“The Good Fight, Hard Lessons From Searchlight to Washington” by Harry Reid, published in 2008 is an autobiography that describes the life of a man who suffered many hardships in his early years and has overcome much adversity.
Born in December 1939, Reid grew up in a limited environment in a small mining town– Searchlight– in Nevada. The area’s economy was based on mining and prostitution, not unlike Washington, D.C.
Reid’s father gravitated toward a career (gold mining) suitable for his personality–introverted loner. The author became a lawyer and U.S. senator. One issue that stuck in Reid’s craw was America’s continued involvement in President George W. Bush’s Iraq war which Bush started in 2003. Years later, when Reid was Senate Minority Leader, he visited Secretary of State Donald Rumsfeld to try to convince him that the United States should withdraw troops from Iraq. Rumsfeld blew Reid off and treated the war like a joke.

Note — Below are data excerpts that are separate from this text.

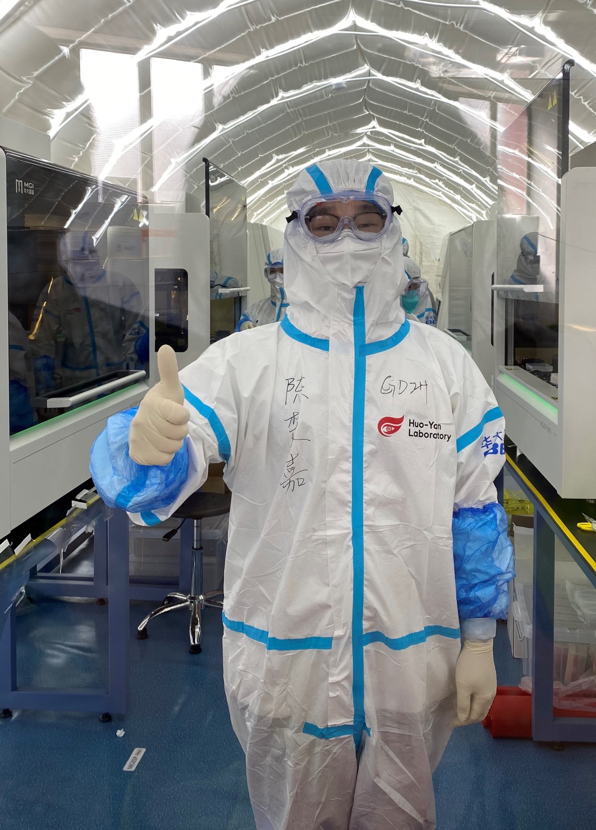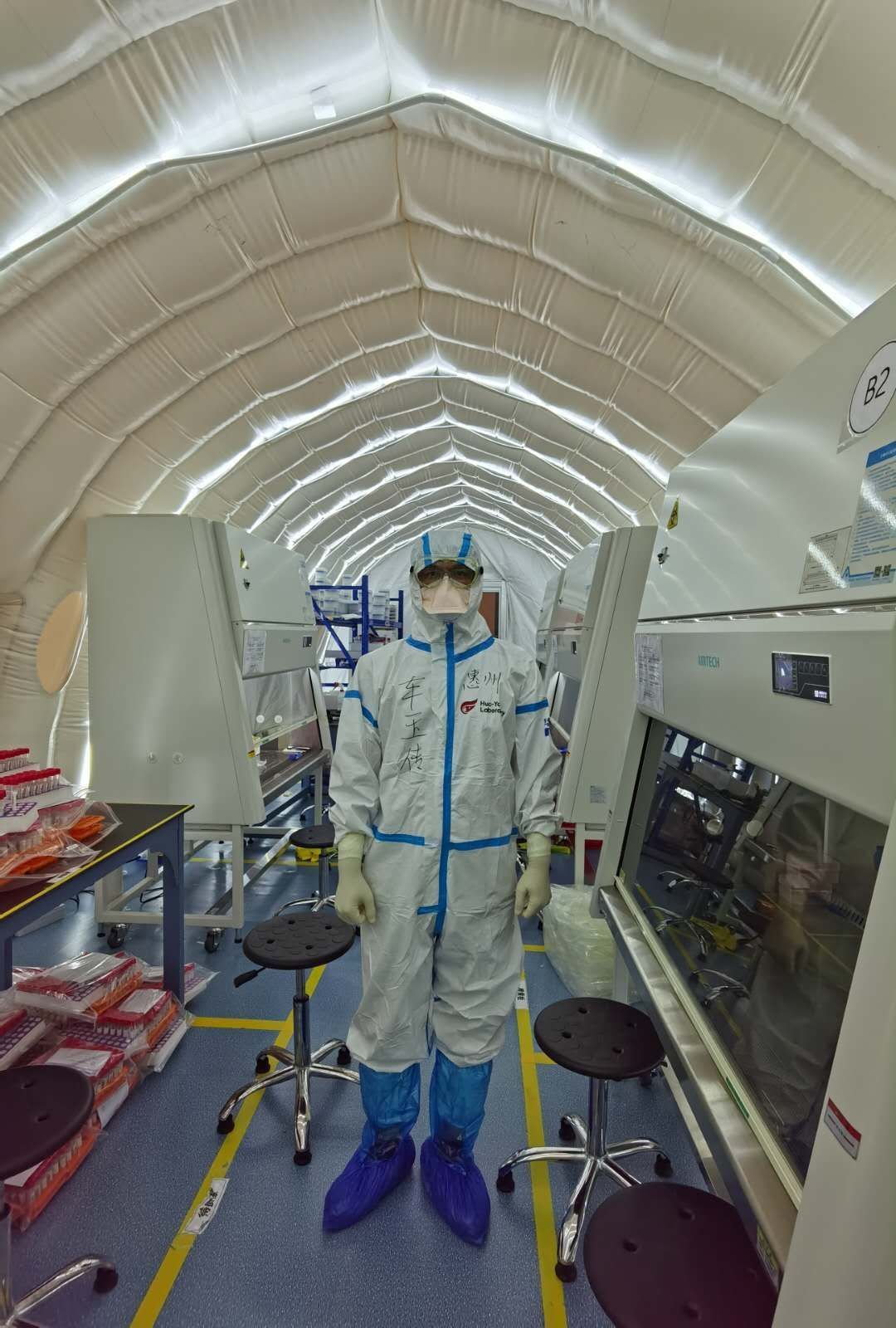劉欣(廣州市胸科醫院):這樣的工作強度超過任何的工作經歷,但我最大的自豪就是接收登記了氣膜實驗室的第一和最後樣本運輸箱,順利完成工作,並且隊員無病無傷。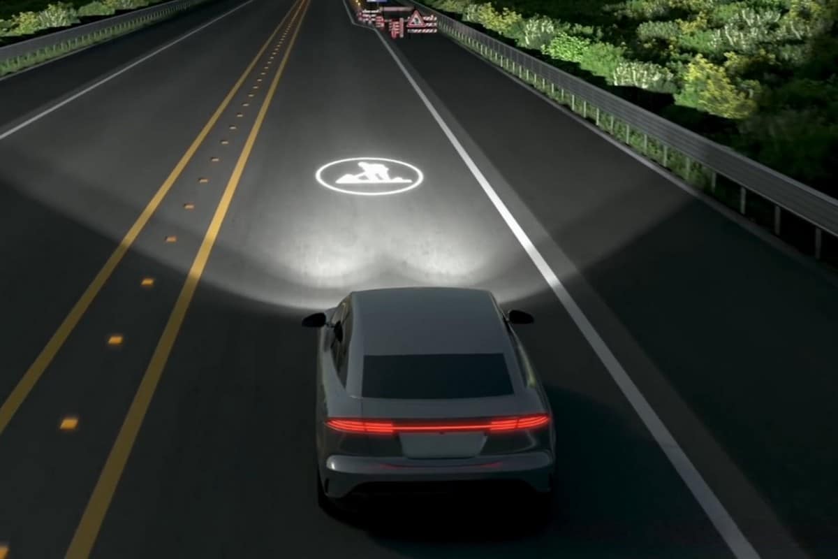 Dans ces zones, le véhicule pourrait repérer le piéton grâce à sa caméra et projeter un panneau au conducteur. Cela permettrait à ce dernier de s’arrêter, avant que la voiture n’éclaire un passage piéton sur la route.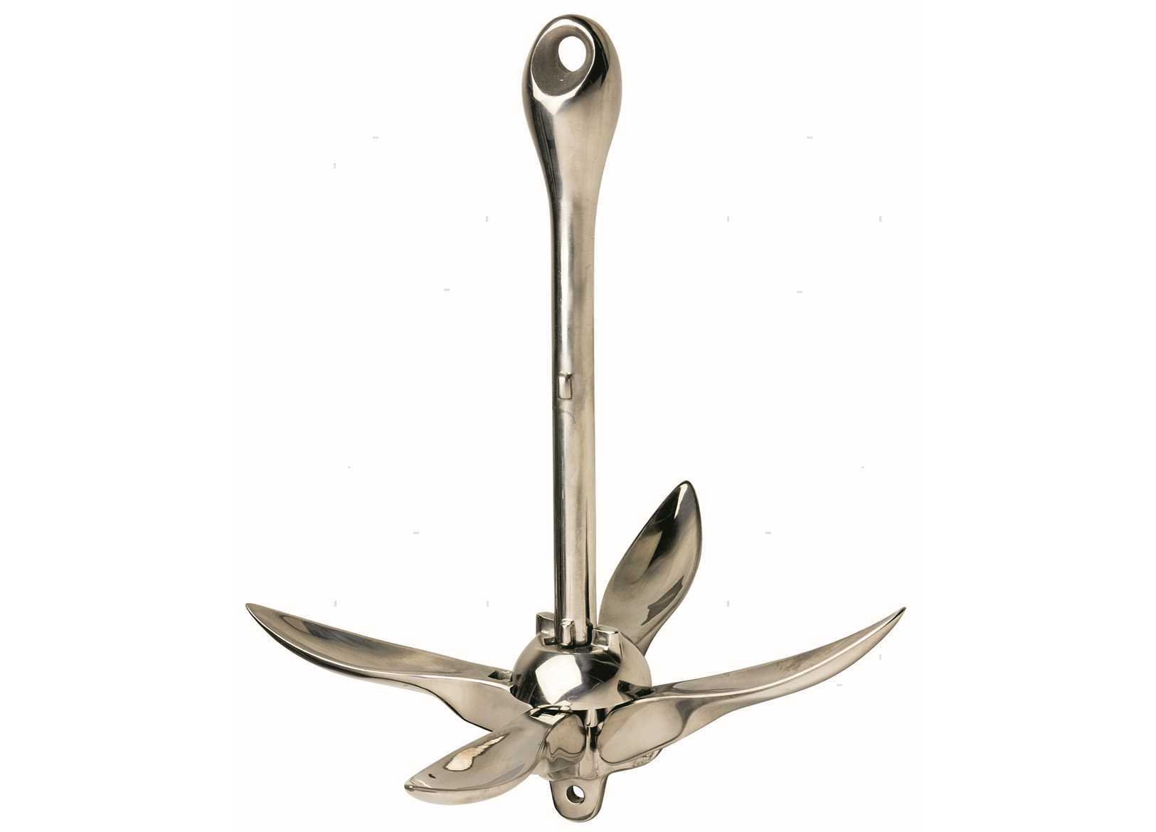 Ancora ad ombrello chiudibile in Acciaio Inox.?Per fondi: scoglio - sassi - sabbia.?Molto usata come seconda ancora.

When Reid and other politicians visited Iraq personally, they realized that the emperor really did have no clothes. General David Petraeus put on a show for them, exhibiting soldiers who were training Iraqis to fight on their own, similar to the way the late President Richard Nixon tried to implement “Vietnamization.”
In early 2006, the author and his fellow Democrats defeated an attempt by Bush to privatize Social Security. “We knew we had won when the White House simply stopped talking about it.”
Read the book to learn of Reid’s adventures as chair of the Nevada Gaming Commission starting in 1977, a few of his interesting law cases, and much more.